The Climate Post offers a rundown of the week in climate and energy news. It is produced each Thursday by Duke University’s Nicholas Institute for Environmental Policy Solutions.

Comments

  1. Ricardo Pires
    Florence, Italy
    November 2, 2012, 5:40 am

    Climate Change will no longer be ignored. The Earth has been sending us signals for a long time and now the 770 companies and interest groups that hire more than 2300 lobbyists to prevent any US policy action on climate change might be losing the battle. We spend more on subsidizing coal and oil, than we do on tackling climate change! It’s perverse.

    UNICEF produced a very interesting video debate on this, also with expert written commentaries, etc.

    Video: http://www.youtube.com/watch?v=7zCS2DFM0NU&feature=player_embedded

    Commentaries: http://www.unicef-irc.org/research-watch/

  2. mememine69
    Earth
    November 1, 2012, 4:54 pm

    Climate change was another “Reefer Madness” and a wet dream for you lazy copy and paste news editors.

    *In all of the debates Obama hadn’t planned to mention climate change once.

    *Obama has not mentioned the crisis in the last two State of the Unions addresses.

    *Occupywallstreet does not even mention CO2 in its list of demands because of the bank-funded carbon trading stock markets run by corporations.

    *Julian Assange is of course a climate change denier.

    *Canada killed Y2Kyoto with a freely elected climate change denying prime minister and nobody cared, especially the millions of scientists warning us of unstoppable warming (a comet hit).

    Romney thanks us for fear mongering votes his way.

    Good news for REAL planet lovers; climate change was real all right but really not a crisis leaving climate change a LEGAL exaggeration.
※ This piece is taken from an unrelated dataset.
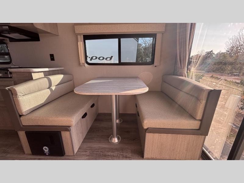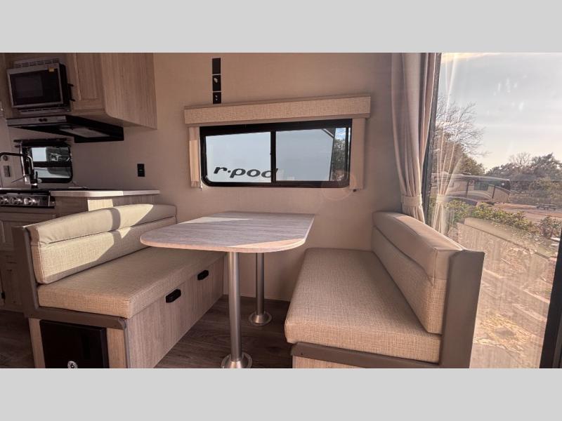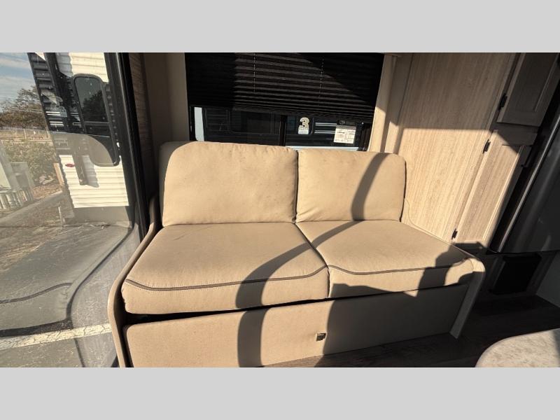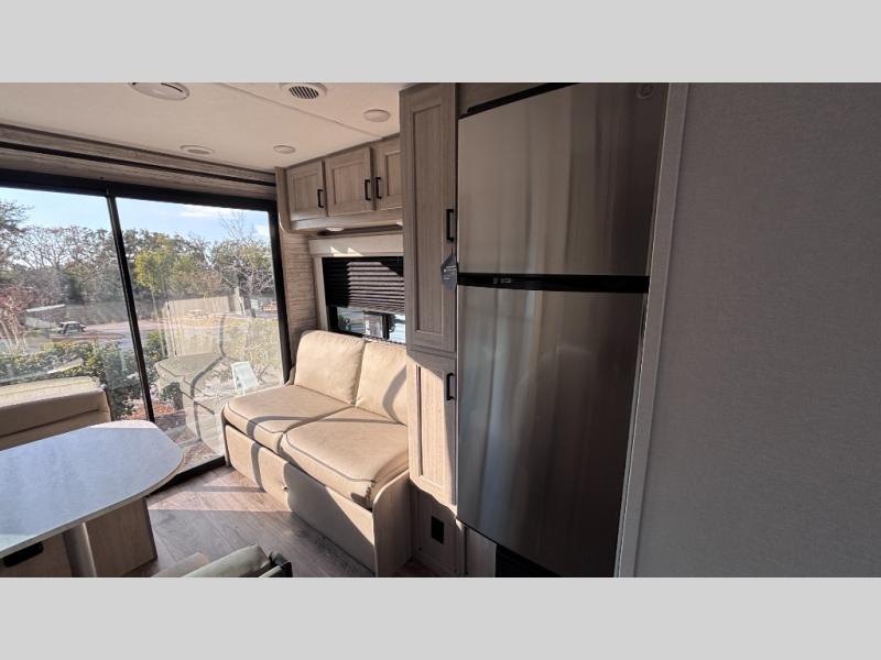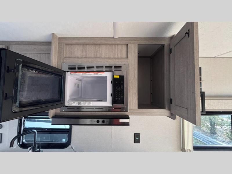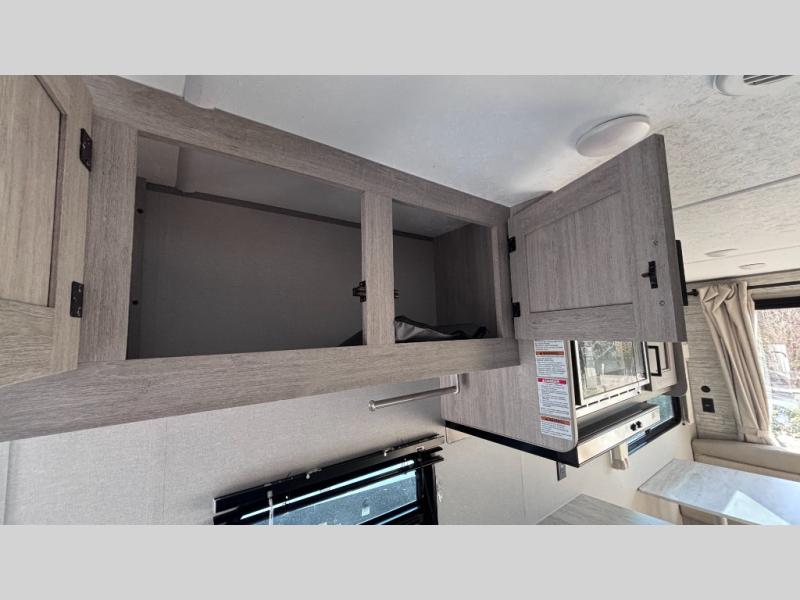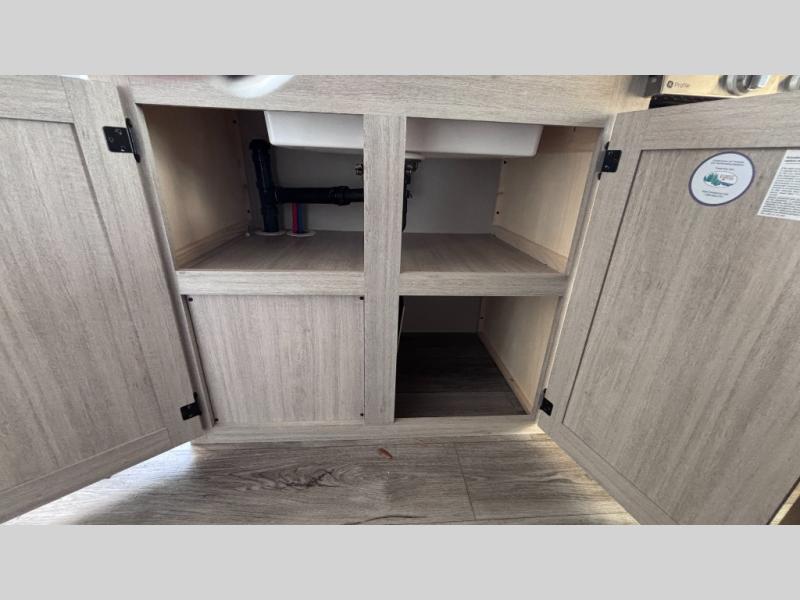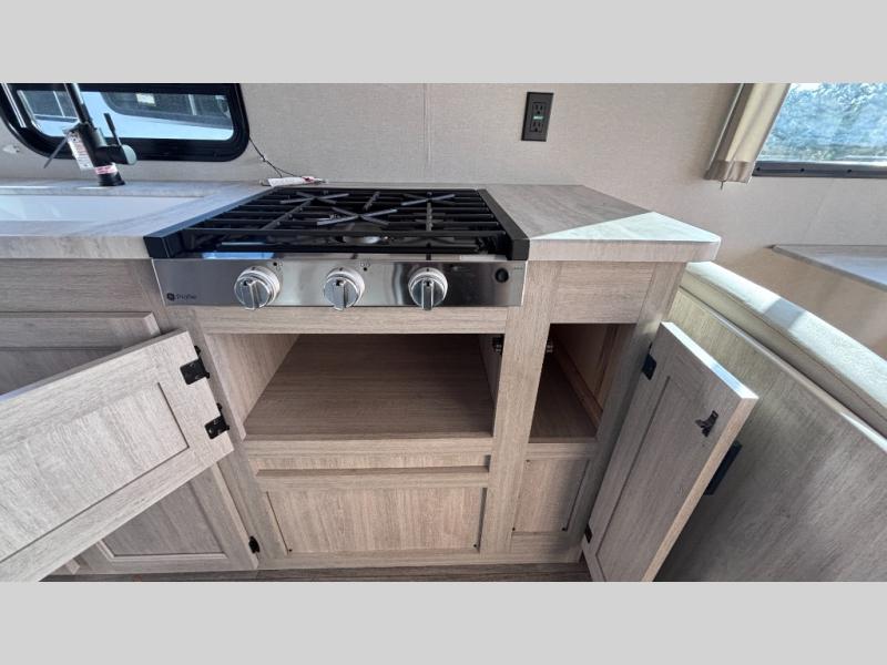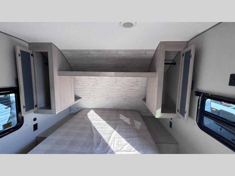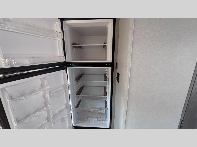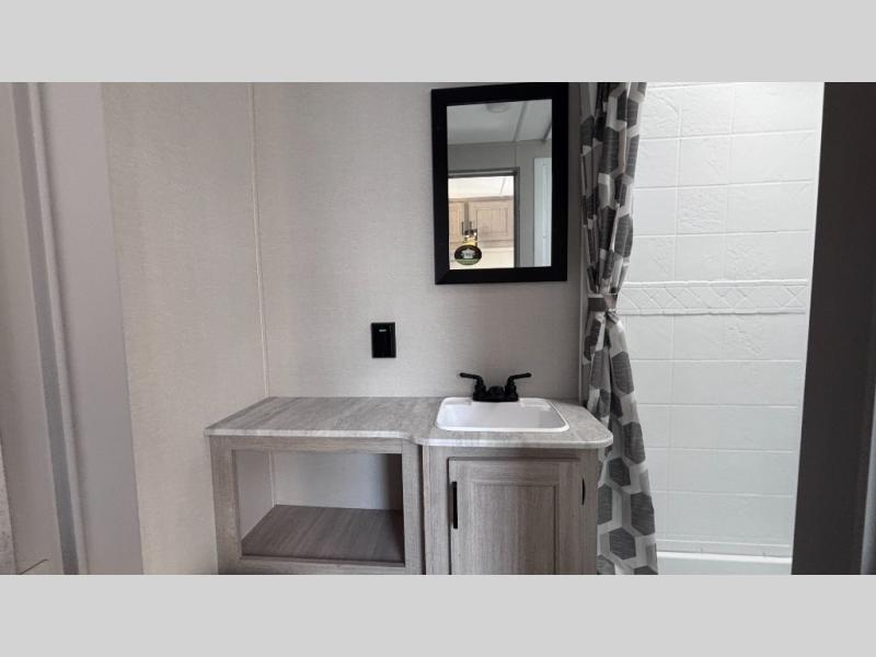 If you are looking for comfort this travel trailer is the one for you due to the amazing front bedroom. Have a relaxing time on the queen bed, which has dual bedside wardrobes and an overhead shelf perfect for storing all your belongings. Moving to the living room, you can take a rest on the 60" sofa jack knife or if you prefer, have a drink or two on the bar top for those hot days. Also for days where the temperature rises, take a refreshing bath in the full bathroom. Finally, this model has an optional 38" dinette, ideal to share your everyday meals with your loved ones.

The rest of you just wanted this misery to be real and at least Bush didn’t condemn our kids to the greenhouse gas ovens with childish glee.

    “We could be at the point of no return.” Yes “could” be. Help, my house could be on fire maybe? How history will laugh!

    Not one single IPCC warning says it will happen, only might happen and could happen and may happen and will likely happen. Exaggeration isn’t a crime and don’t forget it was science that gave us the pesticides that made stewardship necessary in the first place.